Since it's been accused of partly being responsible for letting fake news run rampant on its platform, which made several columnists say that it also helped Donald Trump win the presidency, Facebook has been aggressive with getting rid of false news entirely.

It's already tapped Snopes and Associated Press for fact-checking help and for tagging fake news stories. Stories marked as disputed are also banned from being promoted via Facebook ads. Most recently, it deployed "Related Articles," a feature that displays complementary news articles directly under a questionable news item.

The next step is preventing pages that share fake news from buying Facebook ads, regardless if their fake news stories include a disputed link or not.

Fake News Pages Will Be Blocked From Buying Ads

"If Pages repeatedly share stories marked as false, these repeat offenders will no longer be allowed to advertise on Facebook," reads Facebook's announcement.

"This update will help to reduce the distribution of false news which will keep Pages that spread false news from making money."

Facebook said it found instances of Pages buying ads just to spread fake news stories and hoaxes more broadly.
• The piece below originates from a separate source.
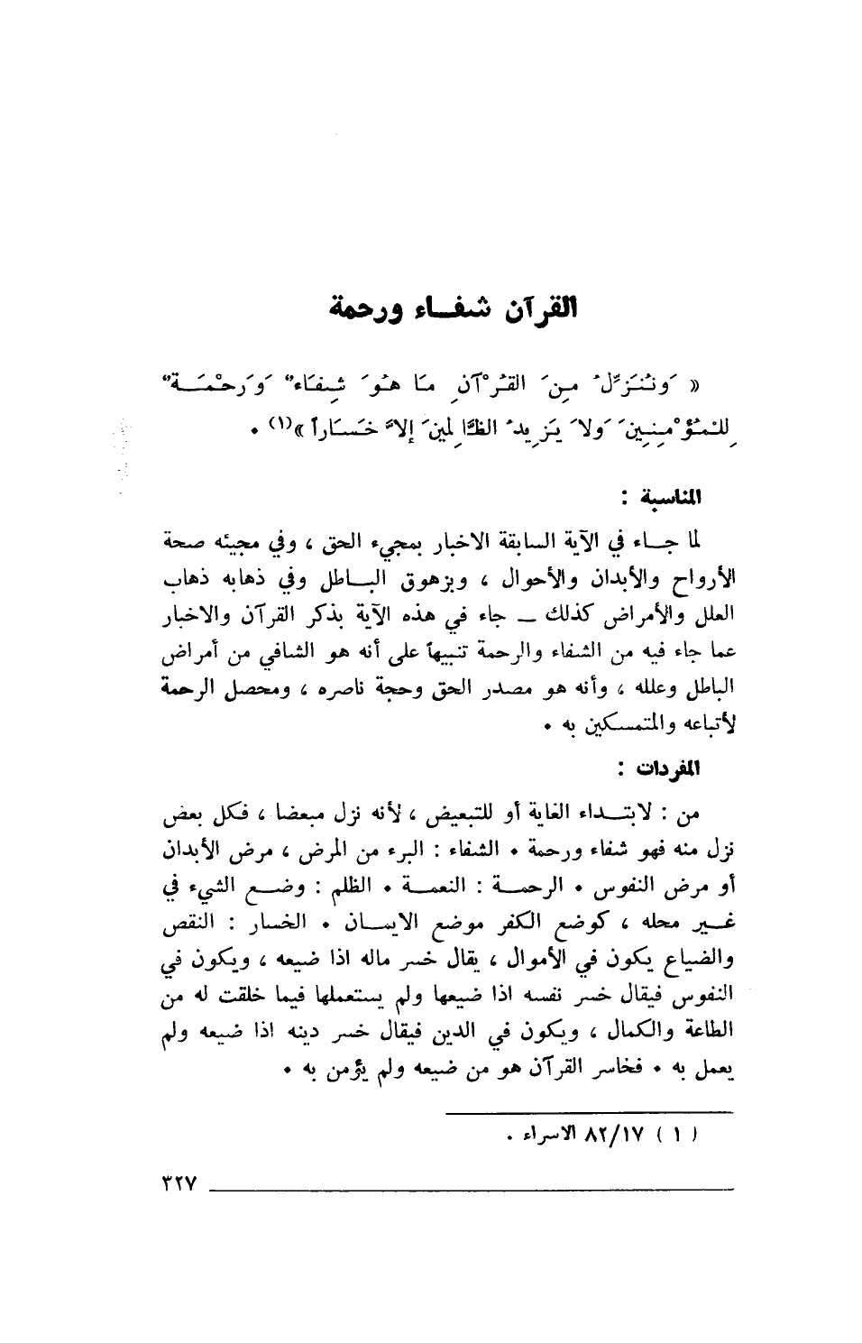 (1) 82/ 17 الإسراء.

This time, if Pages continue sharing stories marked by third-party fact-checkers, Facebook will prevent them for purchasing ads altogether. However, if they stop sharing fake news, they can begin buying ads once more.
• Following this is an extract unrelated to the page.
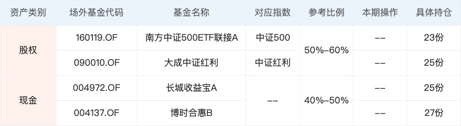 通过临时加仓,我们持有中证500指数基金 23 份,持有中证红利指数基金 25 份,其余配置在货币基金中。如果上周四来不及跟车的,本周最新温度仍然是 28°,中证500和中证红利也没上涨,现在仍然可以上车。

Facebook And Its Fake News Problem

Facebook received stern criticisms last year for allegedly doing nothing to stop the spread of fake news on its platform. Ever since, the term "fake news" has been thrown all over the place, notably by the president himself when referring to CNN or other major publications. As TechCrunch notes, Facebook has chosen to use the term "false news" instead.
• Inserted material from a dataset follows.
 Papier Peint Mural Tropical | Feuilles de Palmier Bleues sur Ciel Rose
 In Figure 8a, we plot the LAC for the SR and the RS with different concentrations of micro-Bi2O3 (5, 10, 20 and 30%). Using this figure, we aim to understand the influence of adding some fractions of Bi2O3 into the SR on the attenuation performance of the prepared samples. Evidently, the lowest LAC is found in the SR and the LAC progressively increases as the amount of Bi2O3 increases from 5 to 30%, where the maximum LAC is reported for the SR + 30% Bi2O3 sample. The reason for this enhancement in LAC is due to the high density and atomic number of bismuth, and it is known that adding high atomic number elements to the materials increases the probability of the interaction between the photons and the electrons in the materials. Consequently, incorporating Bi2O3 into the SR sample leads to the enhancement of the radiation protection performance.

Rob Leathern, Facebook's product director, said the company has been trying to combat false news in three ways: ending monetary value of fake news, hampering or slowing down their spread, and helping users be better at identifying them when they appear on their newsfeed.

In the case of this newest change, blocking fake news Pages from buying ads will end the monetary value of spreading such news. The company is particularly concerned that some Pages are using false news stories as a way to build an audience. Shutting down their ability to create and push ads will severely handicap them in trying to attract audiences.

Facebook failed to mention any specifics — for instance, how many links to false news stories a Page must share before it gets blocked from buying ads, and for that matter, how long it'll take for them to get unblocked suppose they stop sharing such items.

"Obviously, it's not a single instance. It's a repeated pattern of misinformation," said Leathern.